ECR - Container Images
Glean distributes container images via Amazon Elastic Container Registry (ECR) for all Glean services deployed in your environment. Required Resource Access:ecr:GetAuthorizationToken, ecr:BatchGetImage, ecr:GetDownloadUrlForLayer
AWS Signer - Code Signing Verification
Glean uses AWS Signer to verify the integrity and authenticity of deployed code. Required Resource Access:signer:Describe*, signer:Get*, signer:List*
KMS & Secrets Manager - Control Plane Bootstrap
Glean uses AWS Key Management Service (KMS) and Secrets Manager to securely bootstrap the IPJC protocol, which is Glean’s control plane communication protocol. Required Resource Access:| Service | Resource ARN |
|---|---|
| KMS (Decrypt) | arn:aws:kms:us-east-1:518642952506:key/* |
| Secrets Manager | arn:aws:secretsmanager:us-east-1:518642952506:secret:* |
kms:Decrypt, secretsmanager:GetSecretValue
S3 - Deployment Artifacts & ML Resources
Glean distributes deployment artifacts and requires access to AWS machine learning resources via S3. Glean Central S3 Buckets (deployment artifacts):s3:GetObject, s3:ListBucket
AMIs - Compute Resources
Glean uses Amazon Machine Images (AMIs) for deploying compute resources in your environment. AWS Bottlerocket AMIs (AWS-managed): Glean programmatically retrieves the latest Bottlerocket AMI for each Kubernetes version during deployment following AWS’s recommended approach. These are publicly available AWS-owned AMIs and require no special configuration. Glean Custom Ubuntu AMIs (Glean-managed): Glean maintains custom Ubuntu images based on Ubuntu 22.04+ LTS with the latest security patches and optional Wiz and CrowdStrike sensor support. These AMIs are hosted in Glean’s central AWS account. Required Capability: Ability to copy AMIs from account518642952506 in region us-east-1 to your deployment region.
Glean custom AMIs contain only base operating system components and security tooling. They do not contain any customer data or sensitive Glean intellectual property.
Additional Security Configurations
EBS Encryption: Glean enables EBS encryption by default for all volumes during the initial AWS account setup. This configuration is applied once during bootstrapping. S3 Public Access Block: Glean enables account-wide S3 public access blocking for security. Customers can toggle this setting if specific use cases require it.1. Create a New AWS Account
Glean deploys to an empty AWS instance to provide layer of isolation from any other services you have running in AWS. This also simplifies the deployment process as it eliminates potential conflicts with existing services.- Select a supported AWS region for Glean to build your environment in.

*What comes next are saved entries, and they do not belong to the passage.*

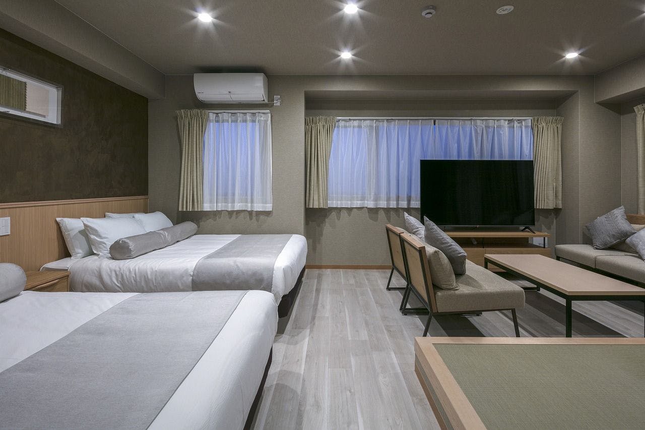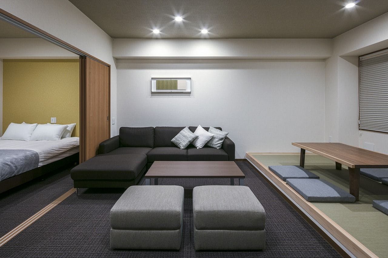 -45平米1ベッドルームの和モダンスイート- 最新家電付きキッチンとスパバスを客室に完備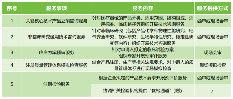廣州市醫療器械創新技術服務事項包括以下五種類型
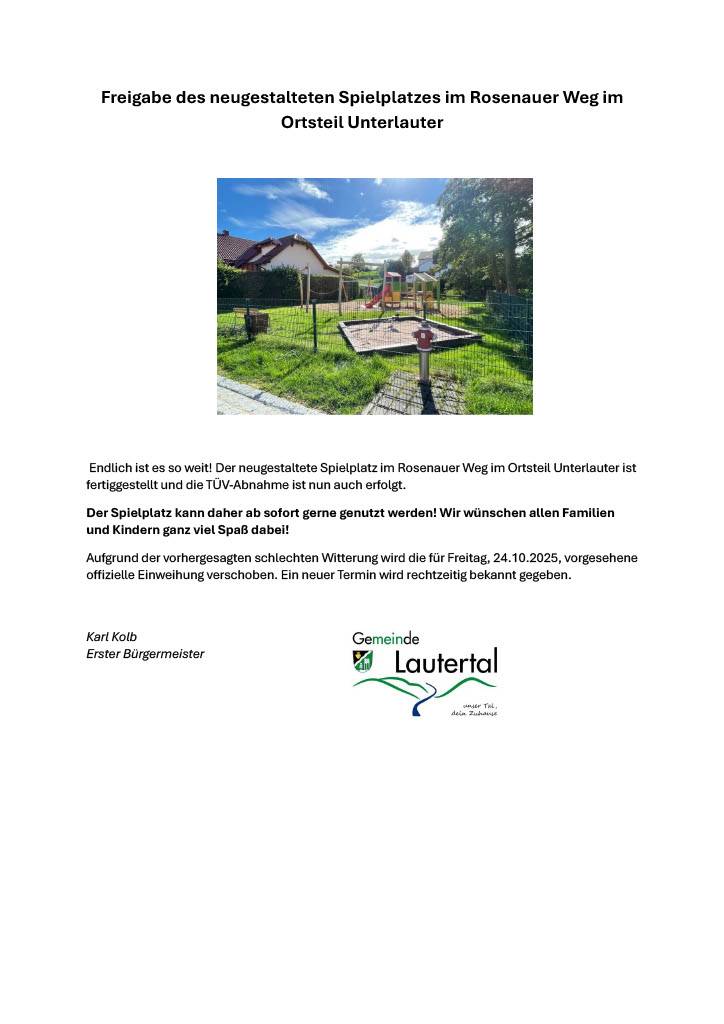 aufgrund der vorhergesagten schlechten Witterung wird die für Freitag, 24.10.2025, vorgesehene offizielle Einweihung des Spielplatzes im Rosenauer Weg im Ortsteil Unterlauter verschoben.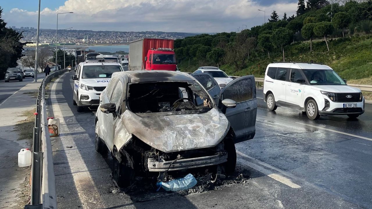Sürücü, otomobili yolun kenarında durdururken, alevler aracı sardı.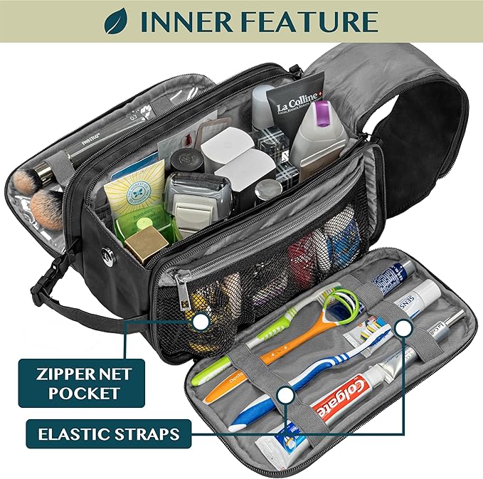 - LARGE OPENING TOILETRIES TRAVEL BAG: This toiletry bag organizer has double zipper design that allows for easy access to the large main compartment. With one simple pull on the handle, you can easily access key accessories such as shaving kit, tooth brush, and shampoo. This toiletry travel bag has the convenient design that helps you stay organized and makes this travel bag case an essentials during any traveling, flights, hotel stay, and weekend vacation.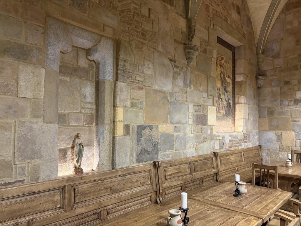 Hordósoraik mellett található egy terem, ahol a borkóstolók a mezőgazdasági harmónia allegóriája közepette kortyolgathatják a különféle borokat, mellette a lourdes-i Szűzanya szobra és az ördögöt sárkány alakban megölő Szent Mihály arkangyal freskója.
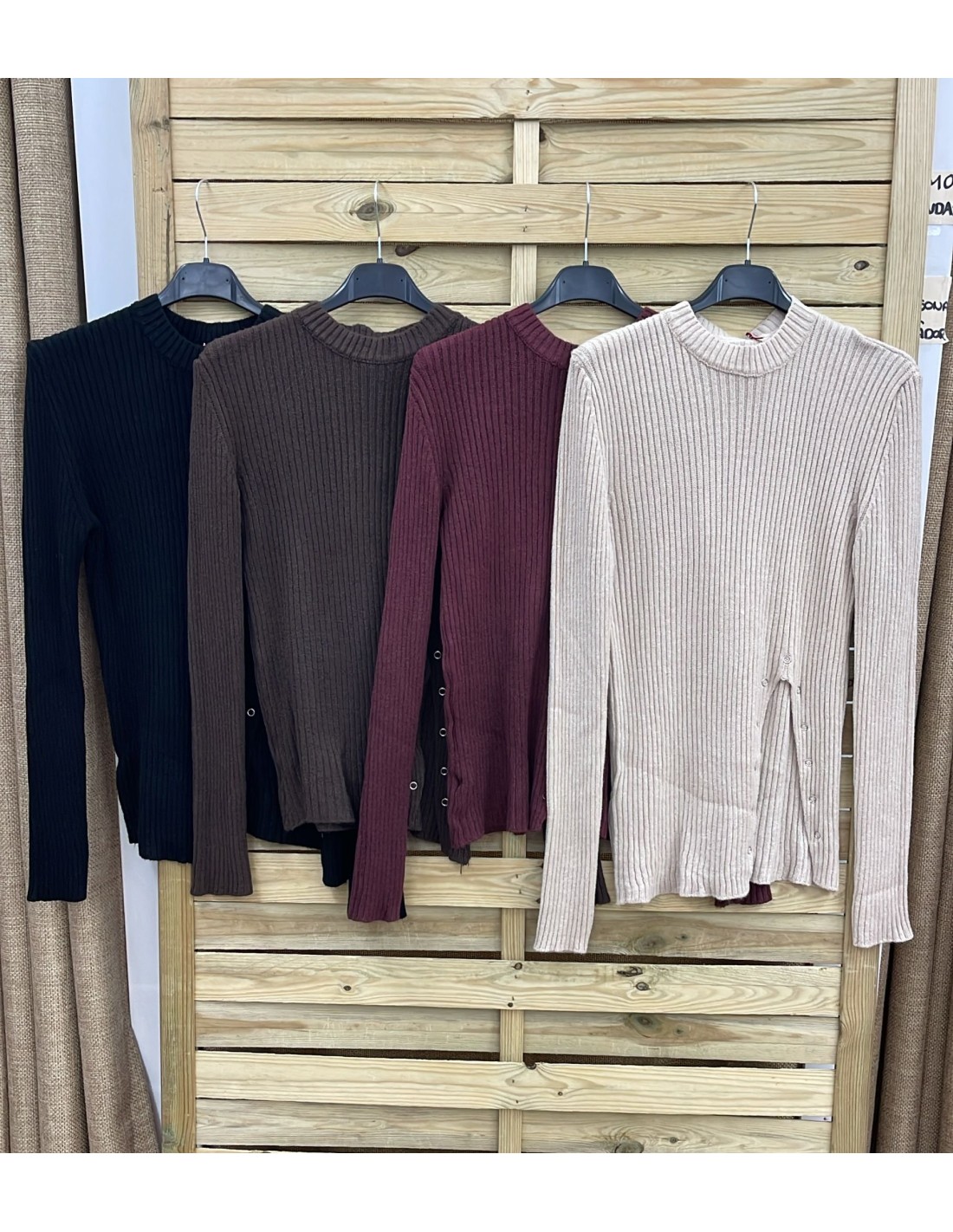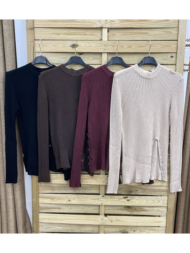 Jersey canalé con abertura con mini arandelas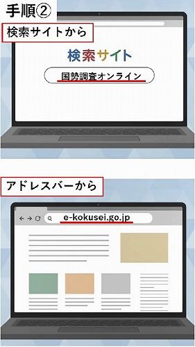 検索サイトから「国勢調査オンライン」を検索、またはアドレスバーに「e-kokusei.go.jp」を直接入力して…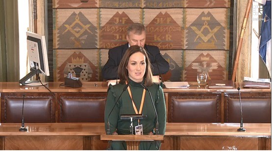 Małgorzta Fus, Walkative! board member, speaking in front of Kraków City Council.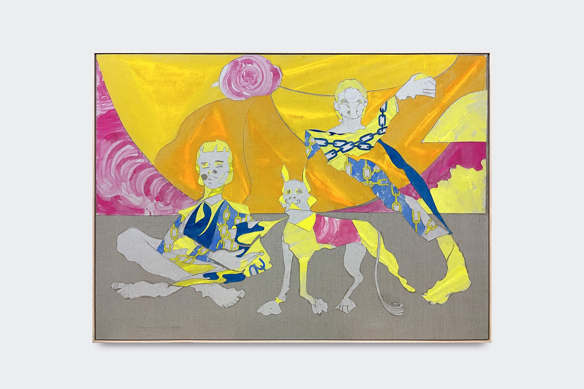 That hustle, that democratic dance, that parade which the works of Kaspar Oppen Samuelsen constituted the theater is affected by a gentle and slow metamorphosis. The boundary between the dynamic surfaces resulting from an initial disintegration of the drawing, followed by a fleeting coloring as well as an arbitrary and abstract reassembly and the most delicate line that caresses idyllic scenes, seems to become impalpable and silky. Everything is hinted at and at the same time full of its identity and the rhythm becomes cadenced and enthralling like that of a Bolero. The tree is yellow, burnt by its sun and its leaves are lost on the canvas as if the essence had already been given away by the stroke; the animal is spotted and amused; the woman is lying and vacillating—her breast harmonious; the flower kisses the cloud; the branch is the color of the sky; a child merges with a ball and crab.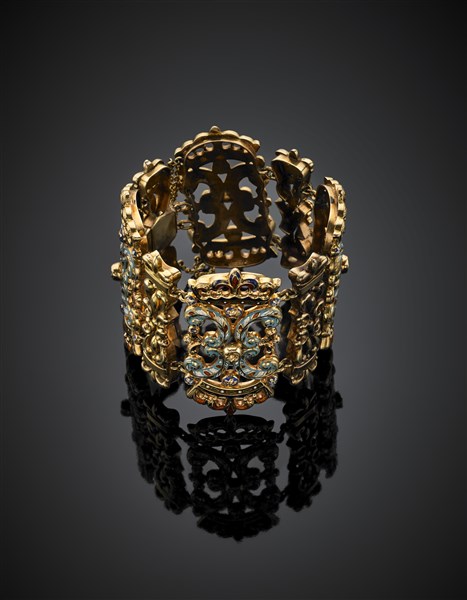 Yellow gold and enamel modular bracelet, g 114.51, length cm 20, width cm 6 circa. (defects)

- Create a new AWS account in the selected region.
- AWS Account ID (e.g.
182333000101) - AWS Account Name (e.g.
aws-glean-companyname) - AWS Region (e.g.
us-east-1)
2. Company Tag Policy
You must notify Glean if your company policy enforces the use of specific tags on AWS resources. Glean can add these tags to nearly all resources that we create, but we must be notified in advance before commencing the build of your Glean tenant so that the tags can be seeded in the initial deployment. You should provide your Glean engineer a list of any and all tags that are required in the following format:3. Run the SCP Check Tool
Glean provides a SCP Checker script that can be used to check if you have any SCPs that can conflict with the build of Glean. If a conflict is detected, please notify your Glean deployment engineer who can provide further guidance.4. Deploy the Glean CloudFormation Template
A Glean provided CloudFormation template is used to bootstrap the AWS account so that the Glean build system can access and deploy Glean services. This process is automated. For more information on how Glean securely accesses your AWS account, see AWS Account Access and Deployment Model.- Log in to your new AWS account as an Administrator.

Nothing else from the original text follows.